I trudged back to the house from the coop with a few eggs in my basket and noted, as I crunched through the swiftly melting snow, that I could find my characteristic treads with their waffle gridwork marking my trudge ahead of me, mixed through with Daisy’s paw prints that have persisted after her by a couple weeks now, but even then, I could feel the mist turning to flecks and drops of rain, and felt a knot of tension just south of my ribcage.
Soon all this will be gone.
Soon the rain will come and the world will continue turning over, the endless cycle cycling through to the next new moment and the next and the next.

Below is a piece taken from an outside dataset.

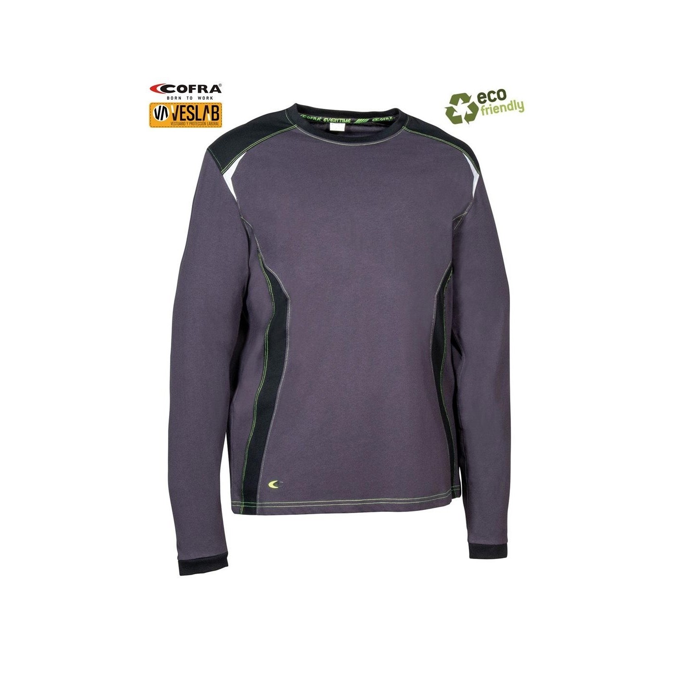 Samarreta bicolor de teixit 60% algodó - 40% polièster reciclat PET i insercions reflectants, a joc amb diverses de les col·leccions de vestuari laboral que ofereix Cofra per poder conjuntar la uniformitat de la seva empresa.

I haven’t been able to pin the shape of how I feel lately except as a color to the world, or maybe a colorlessness. It’s fair, of course, in that the world around us has turned to a river of shit, sent downstream to drown anyone with a soul by a cadre of bullies guffawing at their stunts and hijinks even as the world starts to suffer under their muddy torrent of bad ideas, but it’s not that. I grew up under the pink thumbs of bullying monsters, and watched the waves come and go. It’s only new in its naked obscenity, where the murderous past still had enough remaining life in those crackling burned-out souls for the monsters to hide some of what they are.
It’s not that, other than that’s the color of the background, the steady murky orange of the skies over burning oilfields choking under a worn-out sun.